Just take a look at GOP-controlled state legislatures around the country, which are rushing to adopt proposals modeled after the Arizona law that recalls apartheid. Even Georgia's recently passed Arizona-"lite" is certain to increase the harassment of motorists and workers with tan complexions and Spanish surnames.
Nativist sentiments have deepened despite Obama's clear record of amping up border security. If conservatives were waiting for a less-porous border before they embraced immigration reform, they'd be lining up to support a bill: The border is more secure than ever before.
Apparently believing that conservatives would support a comprehensive bill if they were reassured about border protections, Obama has sent National Guard troops and drone surveillance aircraft to our southern boundary. He hired more border agents. He has pursued an aggressive policy of deportations -- rounding up more illegal immigrants than his predecessor.
But the hostility toward illegal immigrants isn't based on any rational fear of cross-border narco-violence or jihadist-inspired terrorism. It's based on deep-seated prejudices stoked by a faltering economy and an increasingly diverse population. Many native-born Americans wrongly believe that illegal workers have sapped our strength, reversed our economic fortunes and set us on a course toward decline. But let's not kid ourselves: We aren't prepared to grant legal status even to those who are ambitious, resourceful and hardworking -- who would give to the country a great deal more than they would take from it.

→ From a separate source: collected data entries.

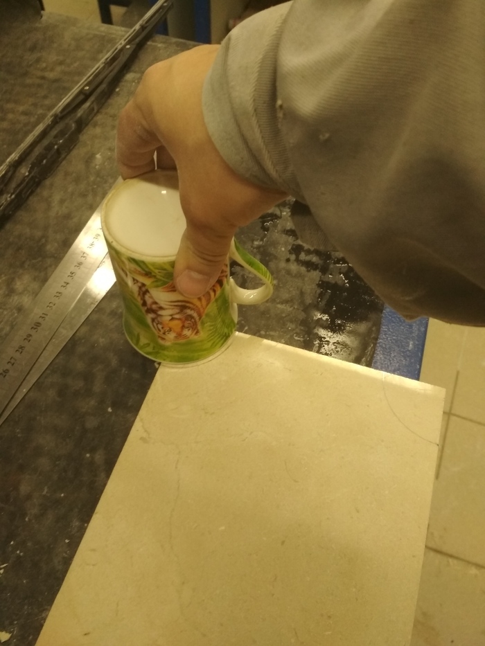 Далее мы отпиливаем камень по размеру и начинаем размечать. Кому как удобно, я размечал кружкой вырезы по краям. После фрезеруем деталь для создания профиля по контуру.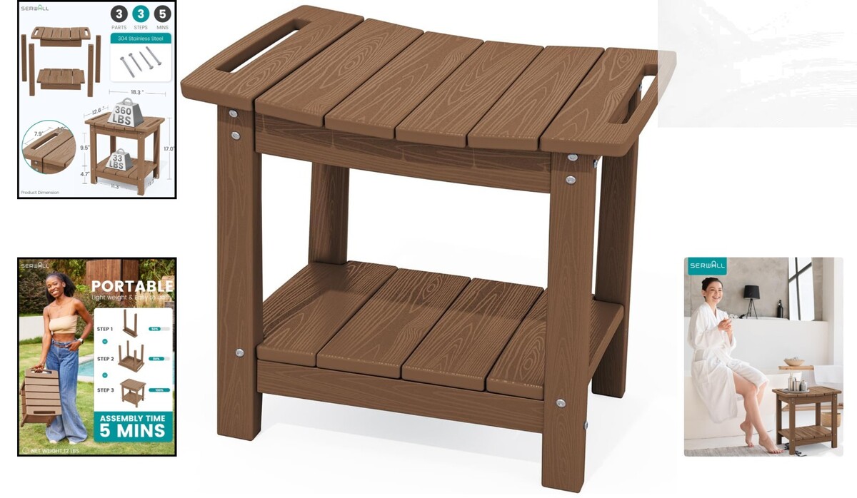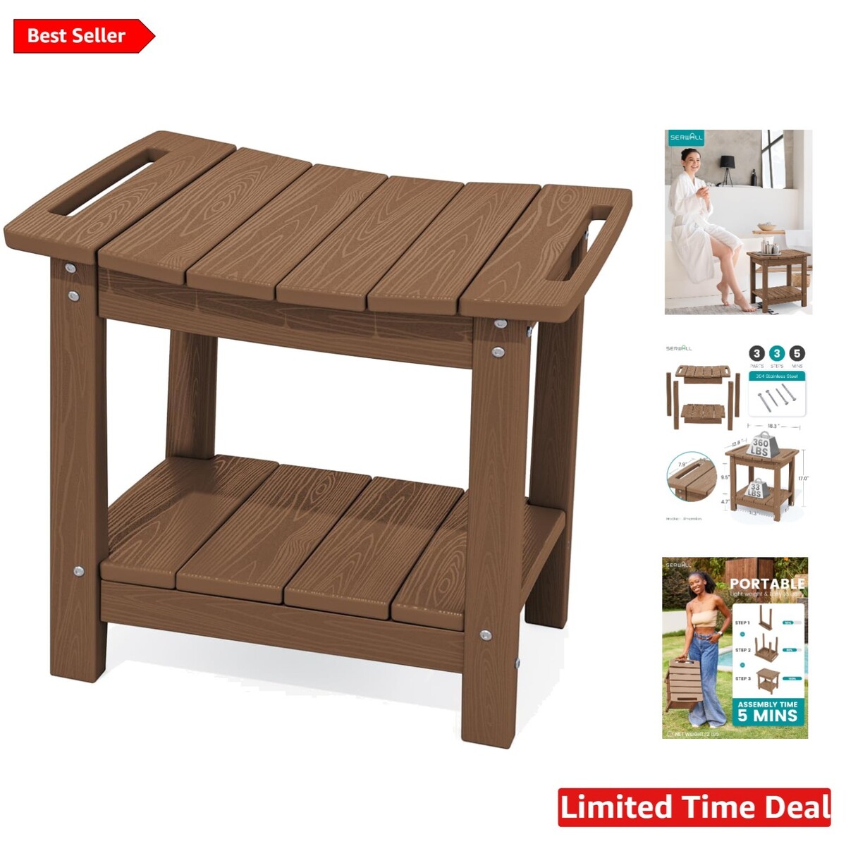 18" HDPE Waterproof Shower Bench - 360 lbs Capacity with Storage Shelf Handles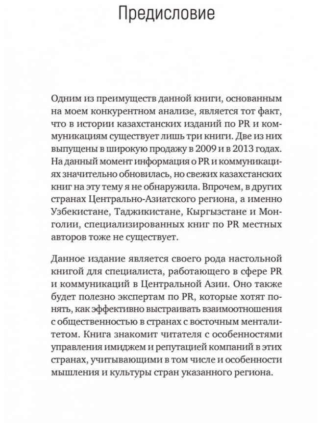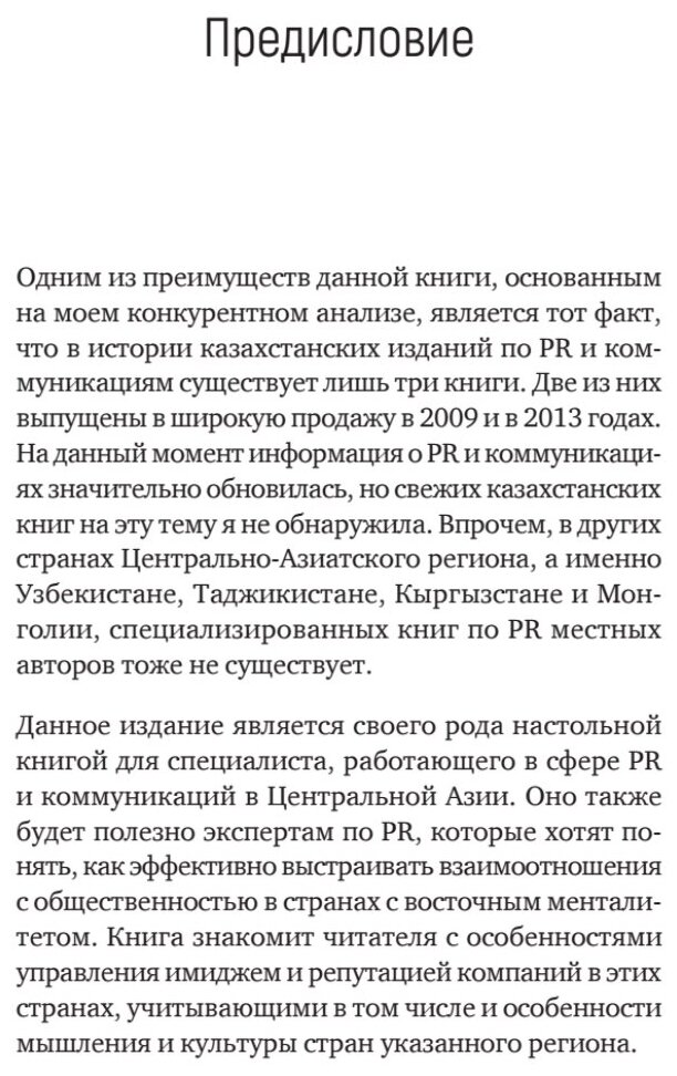 Для того, чтобы пиарщик мог грамотно выполнять свою работу, то есть влиять на аудиторию, ему необходимо хорошо знать эту аудиторию, ее желания и ее менталитет. Автор в своей книге сузил далеко не узкую область, в одной книге рассказал об особенностях рынка и менталитета Центральной Азии: Казахстан, Кыргызстан, Узбекистан, Таджикистан и Монголию. Цель книги - передать знания специалисту pr и коммуникаций, работающему или стремившемуся работать в Центральной Азии реальную ситуацию на рынке, и позволить работать "по книге". Автор рассказывает об отношениях pr с населением и со СМИ на территории. Кроме того, объективно рассказывает о работе pr, раскрывая как и позитивные моменты работы, так и сложности, которых не мало. И все же я бы посоветовала эту книгу узкому спектру - тем, кто хочет работать на указанной территории. Чтобы просто почитать про pr и отсеять мифы, а так же узнать о взаимоотношениях с другими отраслями, следует выбирать либо какую-то общую ситуацию, либо ситуацию на конкретной территории, на которой собираетесь работать.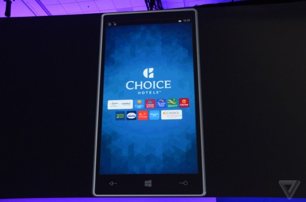 在WP上演示Choice hotels安卓应用的Windows 10版。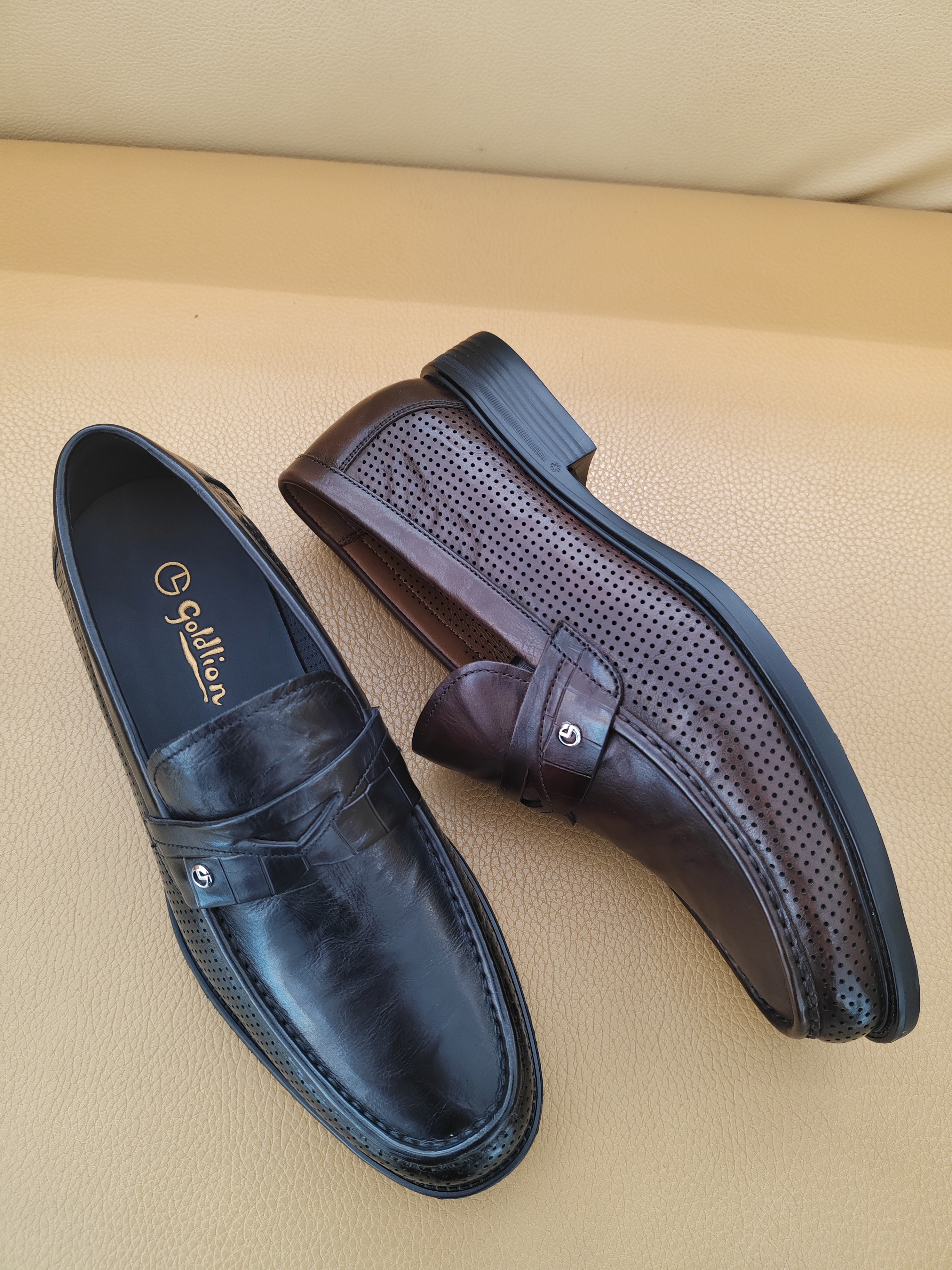 金利来皮鞋·时尚乐福款·精选牛皮·两侧冲孔设计·透气更佳·EPR打底轻便舒适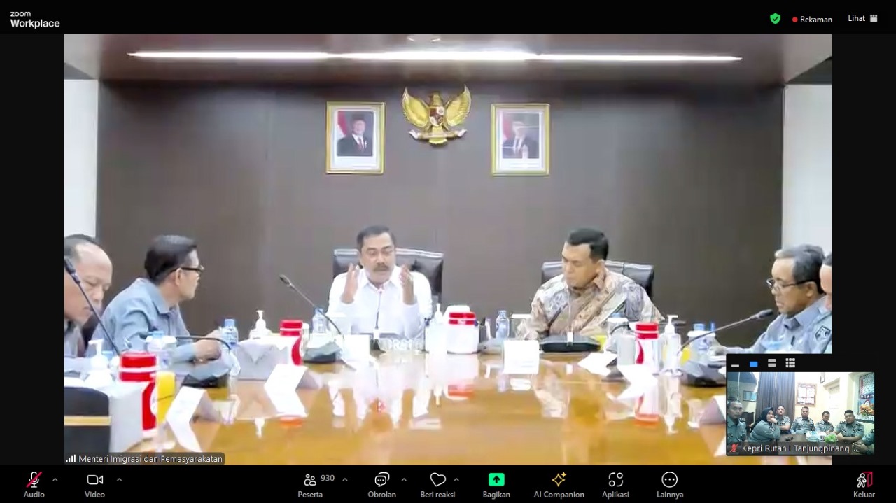 TG.PINANG, Vitomedia.id – Jajaran pejabat struktural Rumah Tahanan Negara Kelas I Tanjungpinang secara virtual mengikuti arahan dari Menteri Imigrasi dan Pemasyarakatan, Agus Andrianto beserta wakil Menteri Imigrasi dan Pemasyarakatan, Silmy Karim, Selasa (22/10)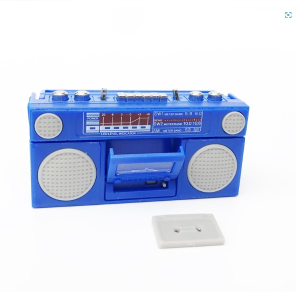 Миниатюрный однокассетный магнитофон создаст атмосферу в тематическом румбоксе или кукольном доме. Можно выбрать красный, синий, черный цвета.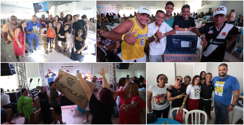 A confraternização natalina dos servidores foi encerrada em grande estilo com sorteio de brindes. Além de geladeiras, TVs, ventiladores e outros eletrodomésticos, o evento deste ano contou com sorteios de 20 pix de R$ 300,00 e uma Honda Pop.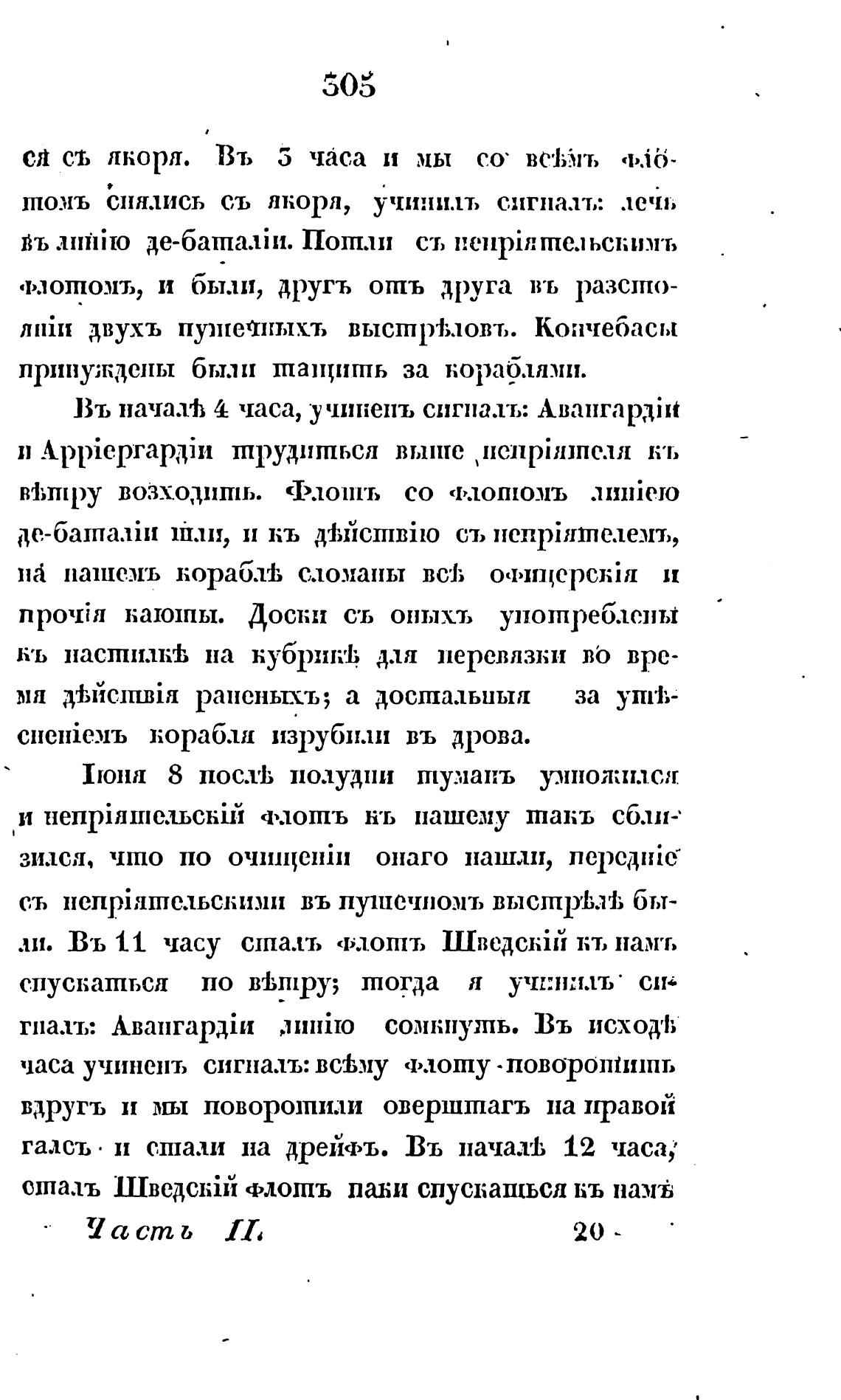 шомъ снялись съ якоря, учинилъ сигналь: лечь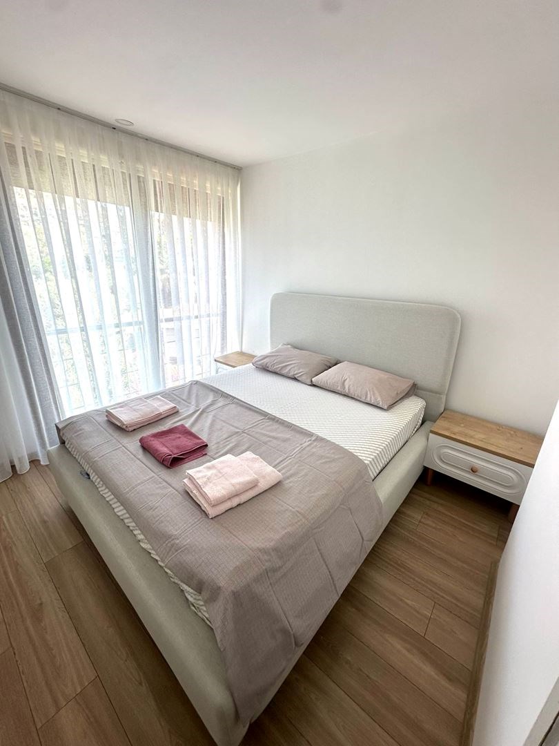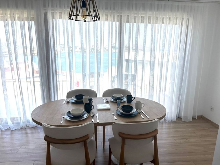 Located right on the beach, the apartment boasts sea views. It features two bedrooms (double bed),

Last December, a GOP Senate filibuster blocked the DREAM Act, which would have granted a path to legalization to about 1 million young adults who were brought here illegally when they were kids. To qualify, they would have had to complete two years of college or two years of service in the armed forces.
The DREAM Act might have passed if Democrats had pursued it earlier in Obama's presidency, when they were more secure in their control of Congress. But at the time, immigration advocates opposed any remedy short of legalization for the entire population of 11 million or so. Their resistance to smaller steps was a mistake.
The president is now under intense pressure from Latino activists to use his executive authority to shelter those illegal workers who have not committed crimes since their entry. Some pro-immigrant groups have zeroed in on young adults who would be eligible for the DREAM Act as candidates for a policy of benign neglect by customs officials.
The president has resisted, but he ought to take the request more seriously. While Congress panders to the xenophobic impulses of frightened voters, the country is squandering some of its best and brightest. Obama could salvage some of that talent with a policy of selective deportation.